In our global survey of more than 9,500 healthcare consumers and providers from across the U.S., U.K., Sweden, Germany, China and Japan, we uncovered a troubling disconnect between patients and their healthcare providers about the quality of care patients receive: Spanning continents, cultures and health system types, there’s a large gap between how doctors and patients rate their healthcare interactions. Across the board, doctors dramatically overestimate the degree to which their patients feel cared for, heard, grateful, content and empowered. In fact, many healthcare consumers say their most recent healthcare interactions left them more likely to feel frustrated, ignored, disconnected and alone than their doctors would presume. 


Clearly, the link is broken between what consumers value in healthcare and what the system currently provides. Value-based healthcare offers a powerful mechanism for focusing all stakeholders on delivering products and solutions that make people healthier and doing so at a reasonable cost.
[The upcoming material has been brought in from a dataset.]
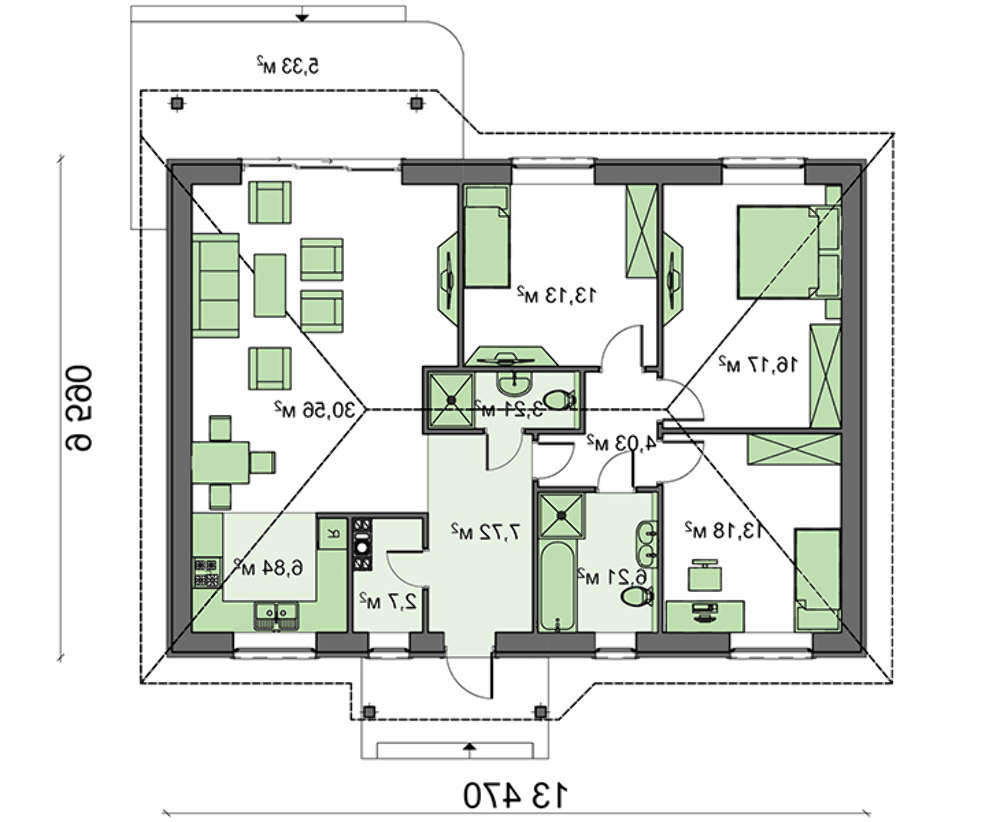 • 4M474 Проект одноэтажного дома в европейском стиле
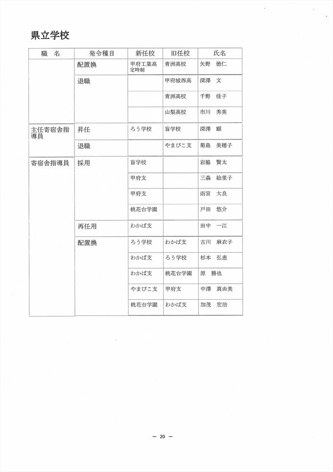 山梨県教職員人事異動2025 あの先生はどこへ?【県立学校(高校・特別支援学校) 異動全名簿掲載】 テレビ山梨 2025年3月25日(火) 15:00 国内 教諭(交流による退職)・養護教諭・実習助手・寄宿舎指導員

Without value-based payment models, there’s no value-based healthcare

For something that’s been talked about for as long as it has, the subject of “value-based healthcare” is frequently misunderstood and misused. The World Economic Forum’s Global Coalition for Value in Healthcare, to which we are contributors, defines it as an approach to healthcare delivery focused on improving outcomes and costs for defined patient segments that receive segment-specific interventions. This means bringing together disparate stakeholders and aligning them around the common purpose of improving the outcomes patients value—and then holding themselves, and each other, accountable for doing so cost effectively. While value-based healthcare has the potential to cure the limitations imposed by our current status quo—from reducing care fragmentation and provider burnout to lowering costs and health inequities—widescale adoption has proven elusive.
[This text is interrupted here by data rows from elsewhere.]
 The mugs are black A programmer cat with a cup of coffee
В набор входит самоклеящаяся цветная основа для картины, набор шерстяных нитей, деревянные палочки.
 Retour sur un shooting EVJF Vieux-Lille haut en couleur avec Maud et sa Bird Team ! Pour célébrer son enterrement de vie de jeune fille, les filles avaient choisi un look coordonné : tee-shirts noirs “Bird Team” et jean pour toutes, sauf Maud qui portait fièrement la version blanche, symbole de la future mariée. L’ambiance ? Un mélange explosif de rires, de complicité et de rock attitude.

In 2019, the World Economic Forum (WEF) launched its Global Coalition for Value in Healthcare, a public-private platform for driving health system transformation by promoting the adoption of value-based healthcare models. Through its work, the coalition developed a framework for delivering value in healthcare using four levers: (1) Informatics that capture, analyze and share patient-specific data, (2) tools with which to generate insights from data, (3) care delivery models that measure performance and encourage continuous improvement and (4) payments based on value rather than volume. Policy and regulations that drive value-based healthcare must also be in place to connect and support these levers. 
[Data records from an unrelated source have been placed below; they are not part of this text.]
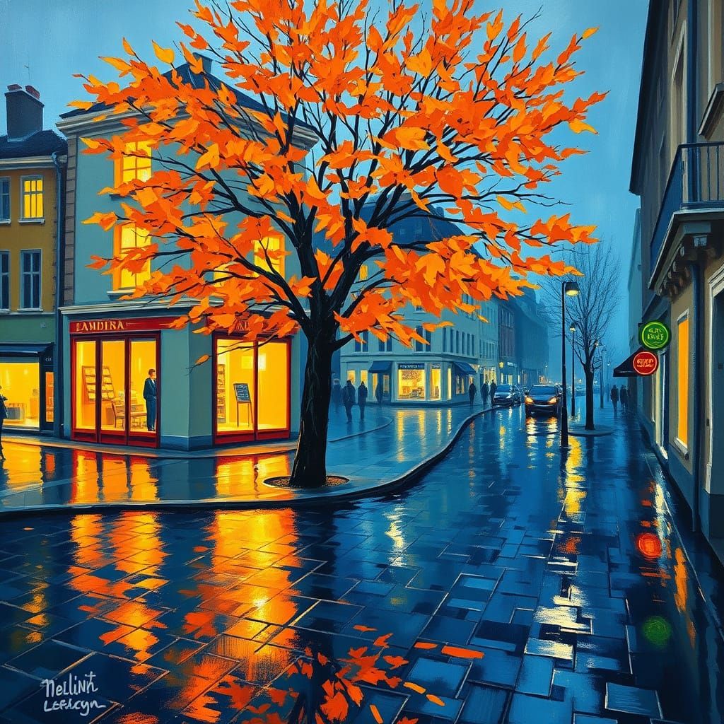 This impressionistic oil painting captures a European city street at dusk, showcasing warm light reflections on wet cobblestones and a lone autumn tree. Loose brushwork creates a cozy, reflective mood.
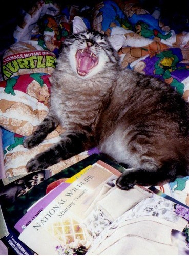 Fuzzy and Tooey remind me of my kitties growing up, Jack and Bug. Jack was a good old man, was born in my mom’s closet when I was 8. When I was about 12, my mom’s boyfriend at the time brought home a little black manx kitten, that was Bug. Him and Jack became instant best buddies. They were always together, and Jack looked out for him like a big old mama cat. Jack was 28 pounds, Bug was maybe 5 lol. Both of them are gone now, Jack died a few years ago, and Bug.. well, my mom’s ex-bf (the one who gave her Bug) refused to let her take him when she went back to BC. He never did tell us what happened to little black Bug.
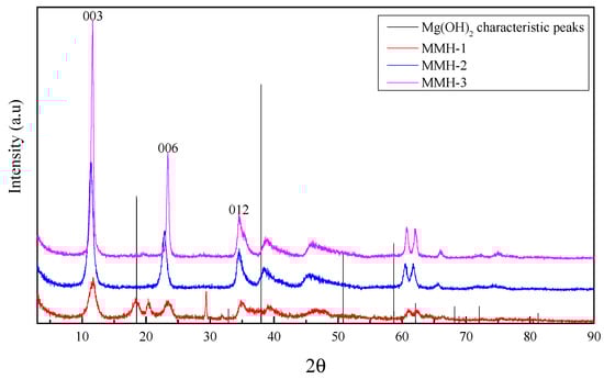 Multiple studies have shown that MMH has the crystal structure of hydrotalcite []. X-ray diffraction was conducted on the three prepared samples, as shown in Figure 1. It can be seen from Figure 1 that the characteristic peaks of the X-ray diffraction patterns of the three synthesized samples were different from the characteristic peaks of Mg(OH)2. The peak of Al(OH)3 is relatively broad, while the peaks of the three samples in the figure were very sharp, so the synthesized sample was different from Al(OH)3. Therefore, our synthesized MMH was not a separate precipitate of Mg(OH)2 and Al(OH)3, but a new substance different from Mg(OH)2 and Al(OH)3. Comparing the PDF card (89–460) of the X-ray diffraction pattern of hydrotalcite, the characteristic peaks 003, 006, and 012 of hydrotalcite appeared in all three samples.
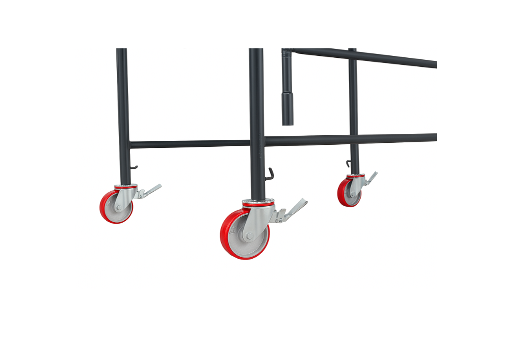 Ideal para estruturas de andaimes tubulares que exigem mobilidade frequente, como em reformas, manutenções prediais e trabalhos em fachadas.

To refocus healthcare delivery on the idea of creating value for patients, all four levers must work in tandem. We recently co-authored and served an advisory role for WEF’s comprehensive report on transforming healthcare systems by re-imagining payment models. In it, we argue that value-based healthcare is only possible when payment models and incentives exist to support it—and that payment model reform and care delivery innovation must be lashed together to incentivize care based on value, not volume. 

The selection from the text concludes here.